Namanya Endah. Ia duduk sendiri di sudut kafe yang tak pernah ramai. Menghadap jendela yang memantulkan lebih banyak kenangan daripada cahaya. Tak ada yang tahu terlalu banyak tentangnya. Selain, bahwa ia selalu memesan kopi yang sama. Hitam, tanpa gula. Seperti malam yang ia peluk tiap kali pulang.
Sore itu, seorang pria, duduk tak jauh darinya. Ia membawa novel yang sama dengan yang pernah dibaca Endah di bangku kuliah, Manusia dan Peristiwa. Mereka bertukar pandang. Lalu diam. Seperti dua batu di dasar sungai. Saling tahu keberadaan masing-masing. Namun, terlalu berat untuk bergerak.
"Kenapa kau selalu sendiri?" tanya pria itu akhirnya.
Endah menatapnya, bukan dengan mata, tapi dengan beban derita yang ia pikul. "Karena ramai tak selalu berarti ditemani."
Ia mengaduk kopi hitamnya yang sudah lama dingin.

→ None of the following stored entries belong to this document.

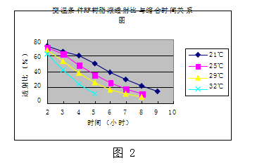 RF樹脂液恒溫條件透射比與縮合時間關系圖
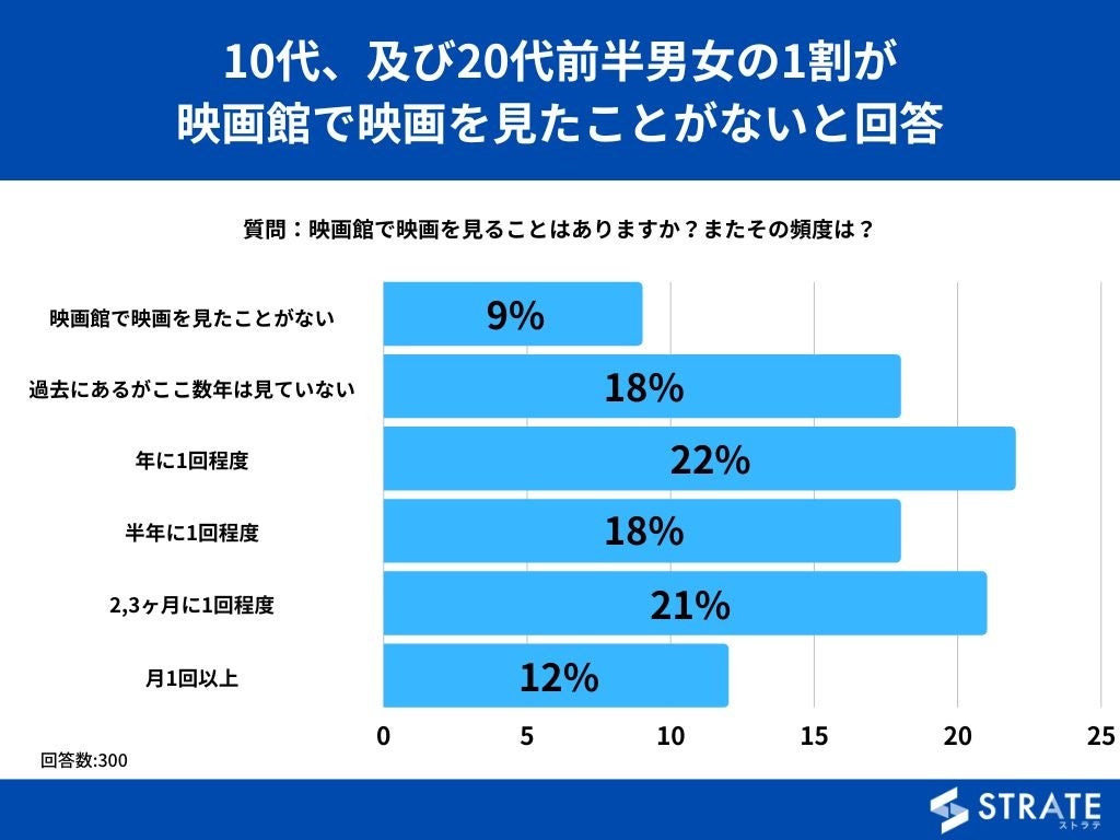 10代~20代前半の男女を対象とした「映画館で映画を見ることはありますか?またその頻度は?」というアンケートで最も多かった回答は「年に1回程度」で22%でした。
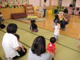 遊びの途中でお友達の名前を読んだり、手遊びや絵本を読んだりしました。ママと一緒に...

Seolah masih berharap sesuatu bisa larut di dalamnya.
Pria itu tertawa kecil. "Kau seperti baris puisi yang terlalu gelap untuk dibacakan keras-keras."
"Dan kau seperti orang yang ingin memahami dan langsung menyimpulkan tanpa membaca seluruh isi buku."
Hening lagi.
"Aku hanya ingin tahu," katanya, lebih pelan. "Apa yang membuat seseorang memilih diam di tengah dunia yang tak pernah berhenti bicara?"
Endah menoleh ke arah cermin jendela. Di sana, ia melihat bayangan dirinya di masa lalu. Tersenyum utuh. Percaya bahwa semua luka akan sembuh seperti demam yang mereda setelah tidur yang panjang. Namun hidup tak seperti suhu tubuh. Terkadang ada luka yang sembuh, agar bisa sakit lagi saat disentuh.